WORK REQUEST – Nothing but the lines below from the one holding "Η διαχρονική επιτυχία" up to and including the one holding "DALL·E 2 is" should be copied, exactly and without pictures.

EXTRACTED RECORDS –
★ ★ ★

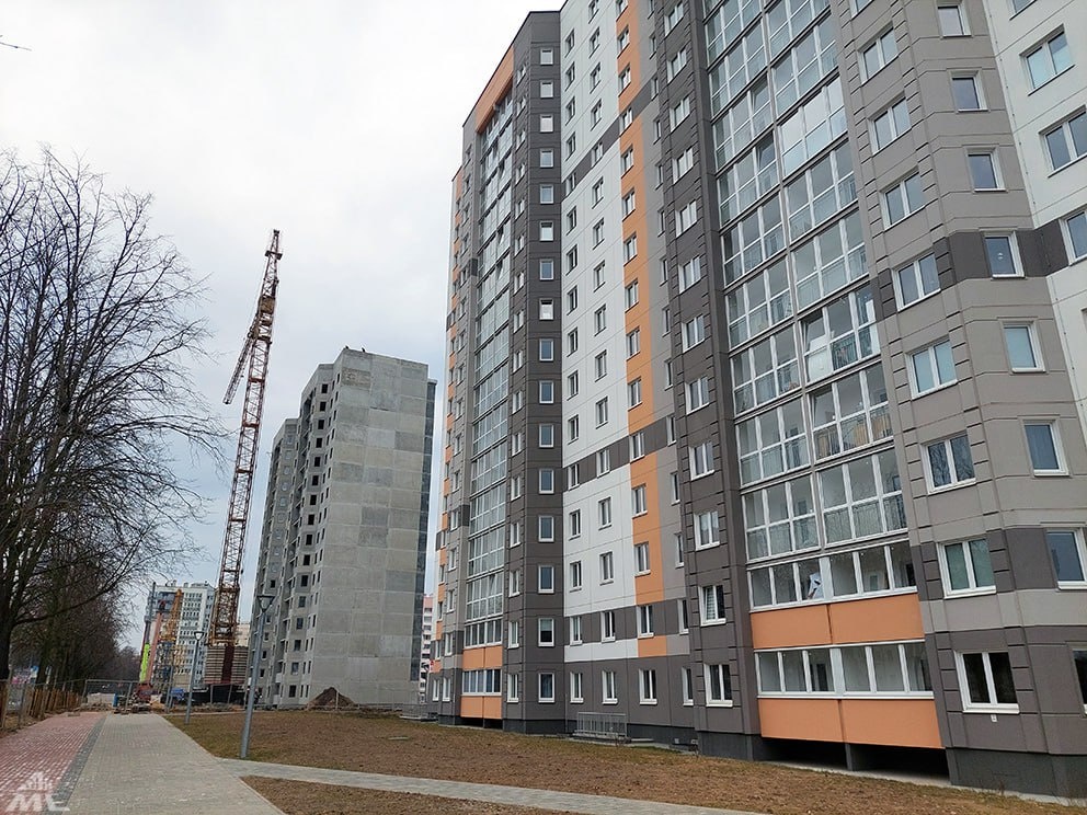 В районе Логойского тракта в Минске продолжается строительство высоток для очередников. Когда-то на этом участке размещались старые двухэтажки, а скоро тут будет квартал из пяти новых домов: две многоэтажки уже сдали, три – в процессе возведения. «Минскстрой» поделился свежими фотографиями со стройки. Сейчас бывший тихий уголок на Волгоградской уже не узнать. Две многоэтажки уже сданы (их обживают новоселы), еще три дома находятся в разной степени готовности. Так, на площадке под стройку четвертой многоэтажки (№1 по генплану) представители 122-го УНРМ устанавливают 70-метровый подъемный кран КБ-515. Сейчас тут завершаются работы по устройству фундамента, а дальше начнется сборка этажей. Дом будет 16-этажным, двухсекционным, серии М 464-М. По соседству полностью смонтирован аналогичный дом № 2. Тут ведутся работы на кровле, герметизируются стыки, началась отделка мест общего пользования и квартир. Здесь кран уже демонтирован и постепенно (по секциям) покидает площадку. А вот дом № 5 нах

★ ★ ★

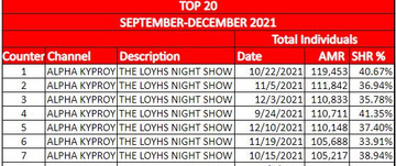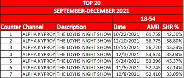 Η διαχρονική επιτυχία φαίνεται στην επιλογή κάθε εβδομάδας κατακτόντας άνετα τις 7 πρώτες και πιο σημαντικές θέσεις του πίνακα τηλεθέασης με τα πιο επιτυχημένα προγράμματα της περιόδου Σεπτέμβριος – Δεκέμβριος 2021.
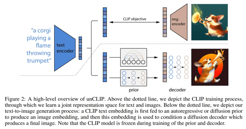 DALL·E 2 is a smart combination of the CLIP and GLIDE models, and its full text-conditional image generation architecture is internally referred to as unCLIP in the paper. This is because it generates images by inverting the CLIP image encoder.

★ ★ ★

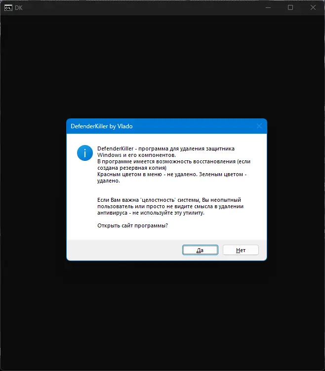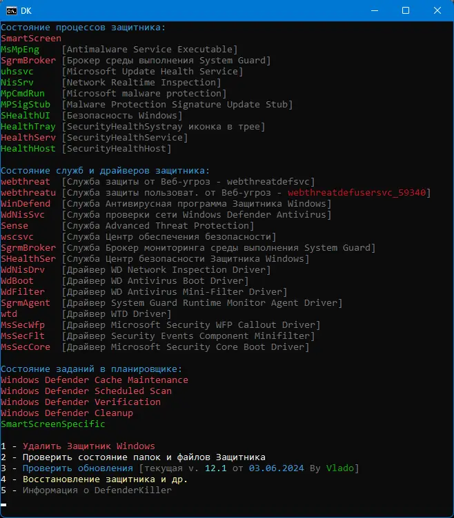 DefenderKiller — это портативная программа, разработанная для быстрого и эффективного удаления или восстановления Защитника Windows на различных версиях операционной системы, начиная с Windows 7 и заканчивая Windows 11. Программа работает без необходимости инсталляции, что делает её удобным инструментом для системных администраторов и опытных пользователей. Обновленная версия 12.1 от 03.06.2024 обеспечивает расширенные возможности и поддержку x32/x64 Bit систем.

★ ★ ★

FINAL ANSWER –
 Η διαχρονική επιτυχία φαίνεται στην επιλογή κάθε εβδομάδας κατακτόντας άνετα τις 7 πρώτες και πιο σημαντικές θέσεις του πίνακα τηλεθέασης με τα πιο επιτυχημένα προγράμματα της περιόδου Σεπτέμβριος – Δεκέμβριος 2021.
 DALL·E 2 is a smart combination of the CLIP and GLIDE models, and its full text-conditional image generation architecture is internally referred to as unCLIP in the paper. This is because it generates images by inverting the CLIP image encoder.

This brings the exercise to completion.